■ **Task details**: Output must consist only of the lines of the material below from the one with "Het model heeft" through the one with "Cardigan in maglia", each reproduced exactly; no pictures belong in it.

■ **Recorded data**:
* * * * * * *

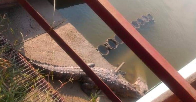 Cocodrilo en instalaciones de Pemex en Ciudad Madero
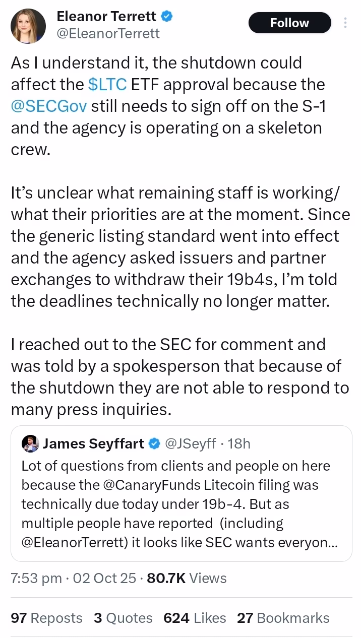 ETF analyst Eric Balchunas likened the current situation to a temporary setback. He called the delay “more of a rain delay,” suggesting the Canary Capital spot Litecoin ETF decision is likely to move forward once normal agency functions resume.
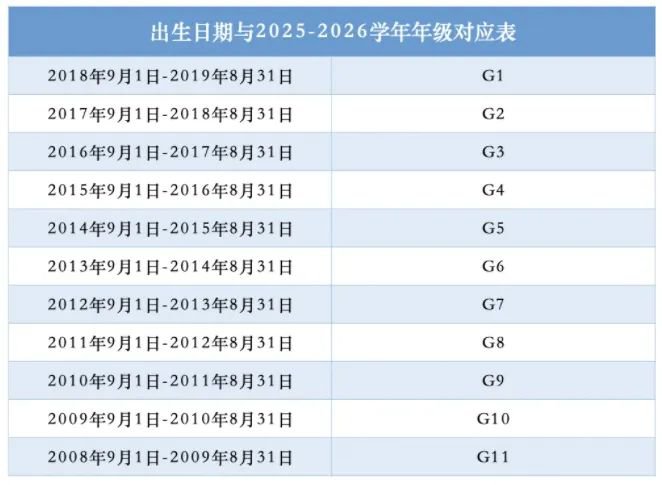 (中小學(xué)入學(xué)年齡對(duì)照表)
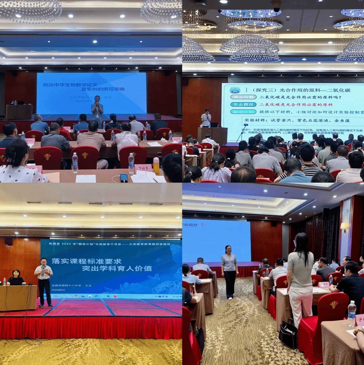 8月14—18日,由太阳成tyc234cc承办的安徽省2024年“国培计划”中西部骨干项目——义务教育新课程标准培训生物学培训班在合肥世纪金源大酒店圆满结束。来自合肥市、芜湖市、蚌埠市等16个地市75个县(区)农村中学生物骨干教师共200位学员参加了本次培训。
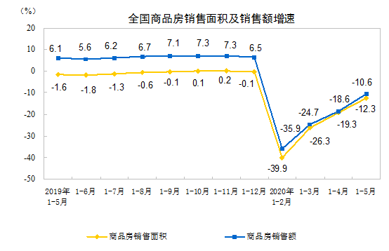 1—5月份,商品房銷售面積48703萬平方米,同比下降12.3%,降幅比1—4月份收窄7.0個百分點。其中,住宅銷售面積下降11.8%,辦公樓銷售面積下降26.7%,商業(yè)營業(yè)用房銷售面積下降21.7%。商品房銷售額46269億元,下降10.6%,降幅比1—4月份收窄8.0個百分點。其中,住宅銷售額下降8.4%,辦公樓銷售額下降35.3%,商業(yè)營業(yè)用房銷售額下降26.6%。
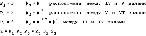 между валами II – IV структурная формула может быть записана как сложенная:
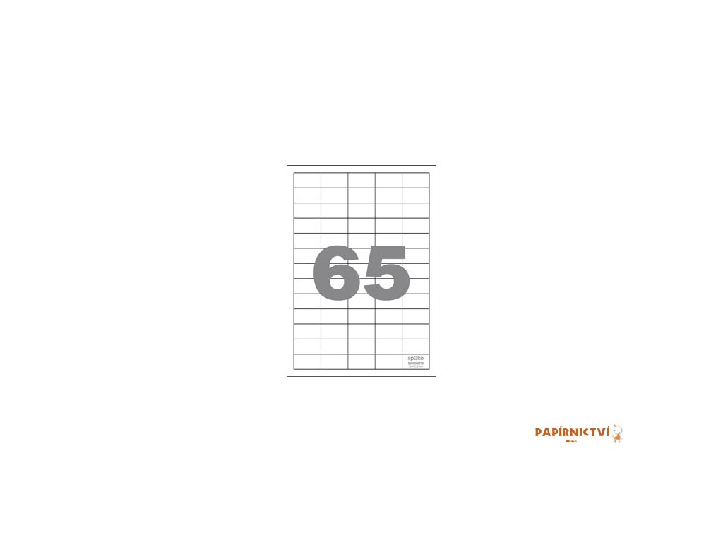 Kancelářské samolepicí etikety - univerzální pro inkoustové, laserové tiskárny a kopírovací zařízení. Etikety jsou vyrobeny násekem archu A4. Rozměr etikety: 38 × 21,2 mm. Etiket v balení: 6500 ks. Balení: 100 archů/krabice.
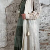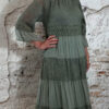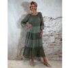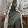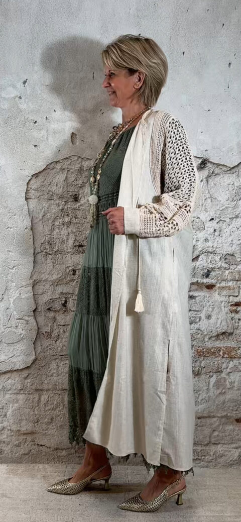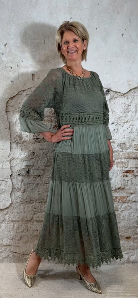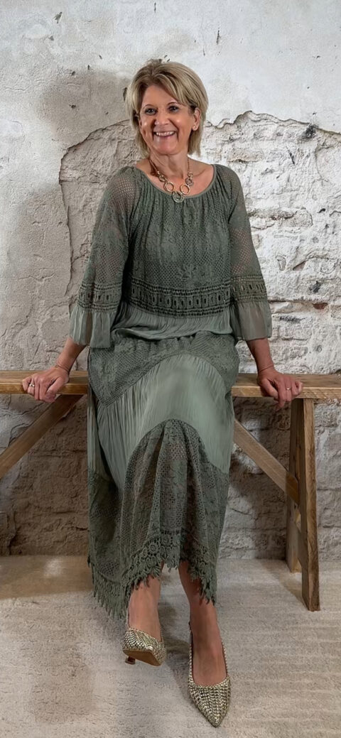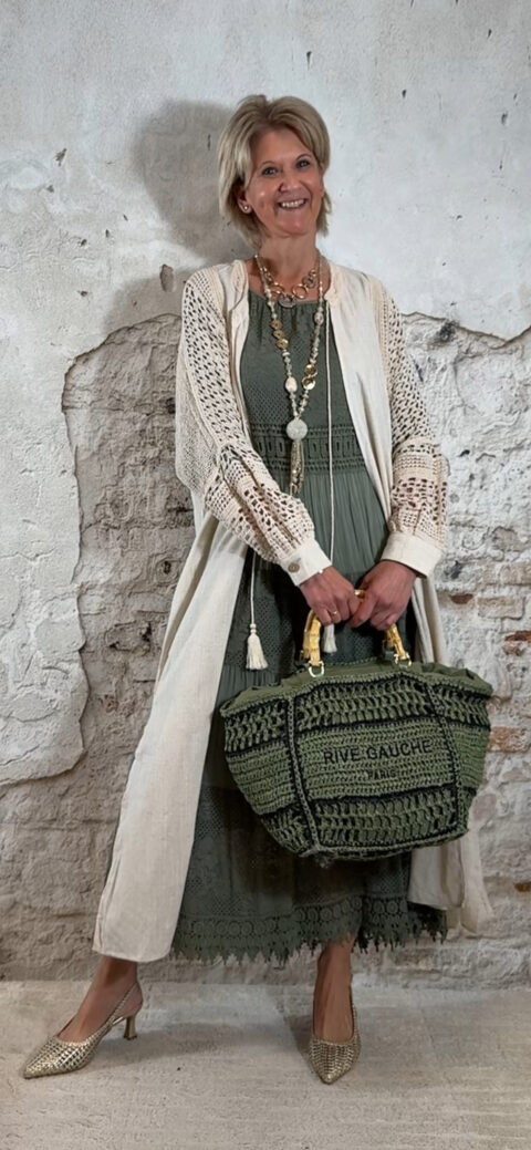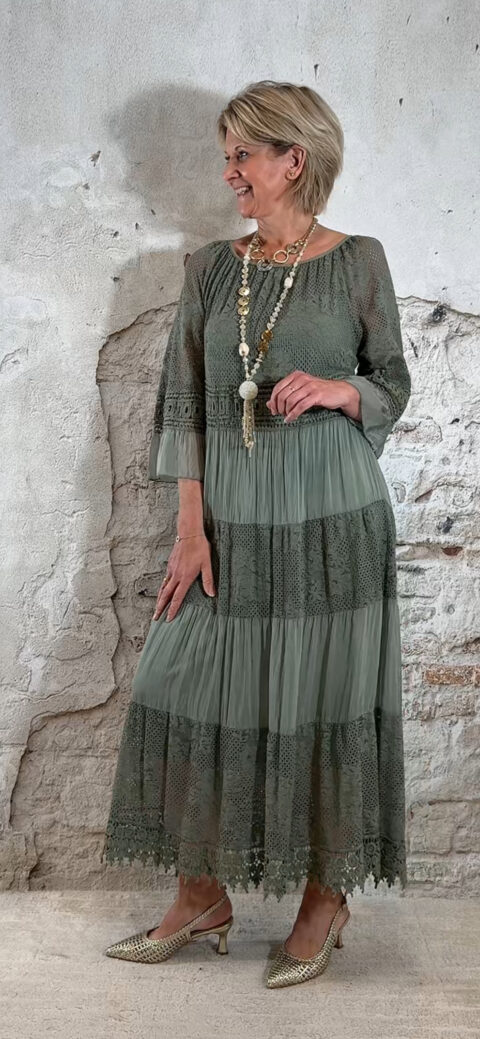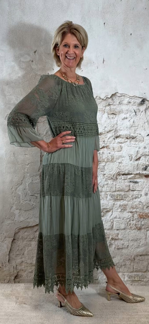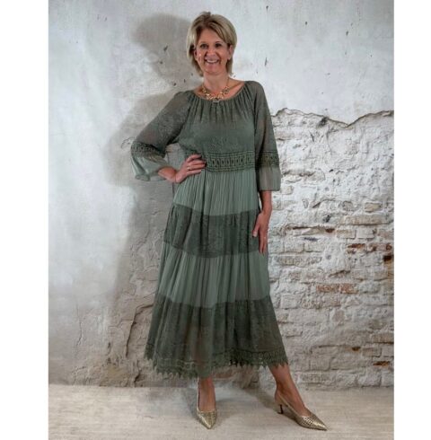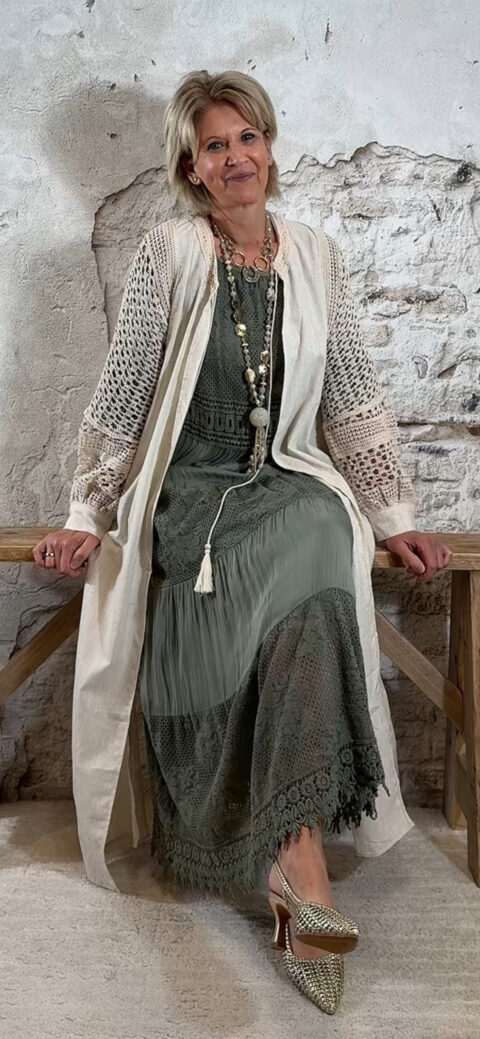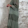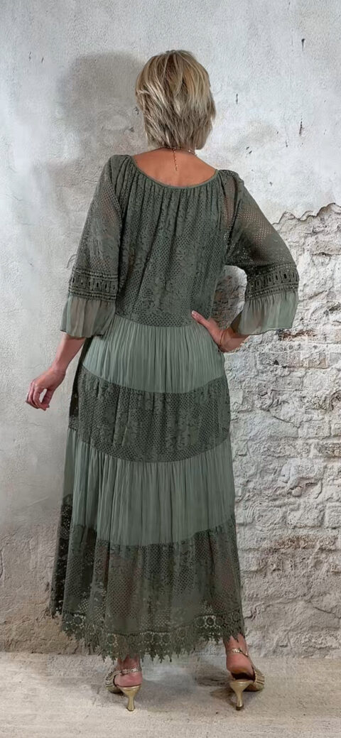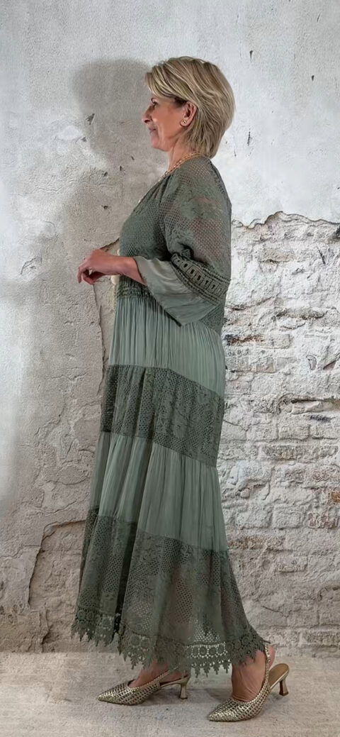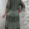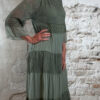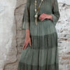 Het model heeft een ronde halslijn en 3/4 flare mouwen die soepel meebewegen. De lange maxi lengte geeft de jurk een elegante, vrouwelijke look die perfect past binnen een Ibiza stijl outfit. Door de zachte khaki kleur is deze jurk makkelijk te combineren met natuurlijke tinten en accessoires.
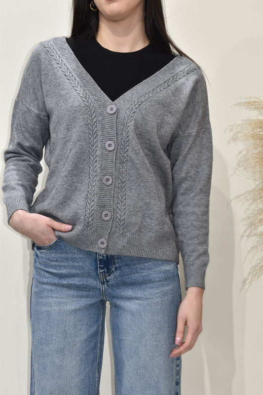 Cardigan in maglia morbida dal taglio confortevole, impreziosito da uno scollo a V con eleganti trecce decorative lungo l’abbottonatura. Le spalle leggermente scese e le finiture a costine donano un look moderno e armonioso. Versatile e raffinato, il cardigan Zahir è ideale per completare outfit quotidiani o più ricercati con un tocco di sobria eleganza. -
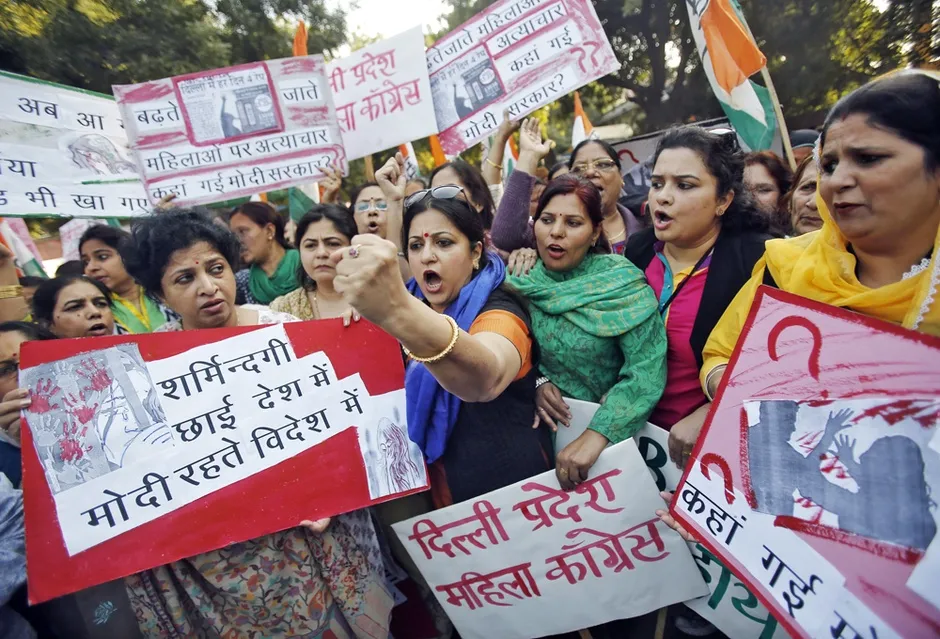 全印度女性国大党成员在2014年12月8日于新德里举行的抗议活动中高喊口号并举着标语,抗议一名女性乘客被强奸。标语上写着:“这个国家充满羞耻,而莫迪却出国”(左下)和“对女性的暴行不断上升,莫迪政府在哪里?”(顶部)。路透社/阿尼迪托·穆克吉

* * * * * * *

■ **Reply**:
 Het model heeft een ronde halslijn en 3/4 flare mouwen die soepel meebewegen. De lange maxi lengte geeft de jurk een elegante, vrouwelijke look die perfect past binnen een Ibiza stijl outfit. Door de zachte khaki kleur is deze jurk makkelijk te combineren met natuurlijke tinten en accessoires.
 Cardigan in maglia morbida dal taglio confortevole, impreziosito da uno scollo a V con eleganti trecce decorative lungo l’abbottonatura. Le spalle leggermente scese e le finiture a costine donano un look moderno e armonioso. Versatile e raffinato, il cardigan Zahir è ideale per completare outfit quotidiani o più ricercati con un tocco di sobria eleganza. -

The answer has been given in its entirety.